<p>Expand your discussion post by revising the table you created and give a better explanation of its goals. Are there any other data points (columns/variables) that need to be added? Is there any other table you need to create? Consider normalization techniques and create at least one more table to be joined; Add more records, update at least one record, create counts, sum, and average, delete one or two records, in summary, apply all the statements you learned this week.

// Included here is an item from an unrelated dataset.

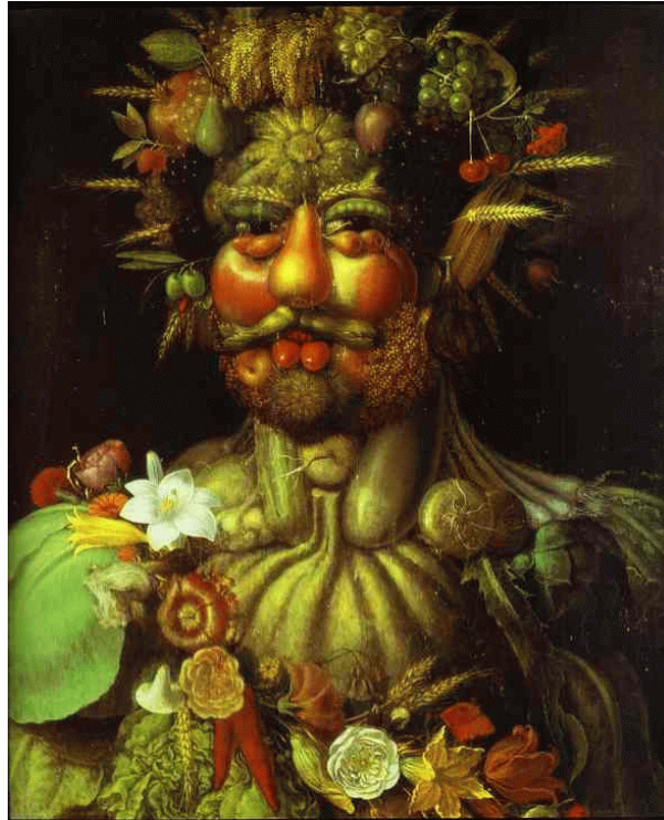
ABBILDUNG 2: Giuseppe Arcimboldi, Vertumno (1591) Skokloster, Styrelsen, Stockholm

Kris Tanzberg, bildnis rudolfs des zweiten

Submit your explanation and the python code (ipynb). </p>

<hr />
I stuck with my original example and expanded it as requested.  My assignment includes 3 tables, built following a data normalization pattern.  The three tables are:

<ul>
    <li>Users_jking</li>
    <li>TransactionTypes_jking</li>
    <li>UserTransactions_jking</li>
</ul>

To avoid duplication of TSQL execution patterns I created the exec_tsql helper function.  I ran into frustrating issues with the MySQL connector version, executing multi statements and Python 3.7.  I was ultimately able to get it to work with a workaround that didn't require changes to connector version.  I wrote logic to generate random data and fill the user transaction table.  I then illustrate common CRUD operations such as update and delete.  Finally, I wrote an aggregate statistics query to illustrate how to pull all of the data together.

In [1]:
import random
import pandas as pd
from mysql import connector
from mysql.connector import connect
from mysql.connector.connection import MySQLConnection
connection = connect(host='mysql', database='ALY2100', user='ALY2100', password='homework')
print(f'MySQL Connector version: {connector.__version__}')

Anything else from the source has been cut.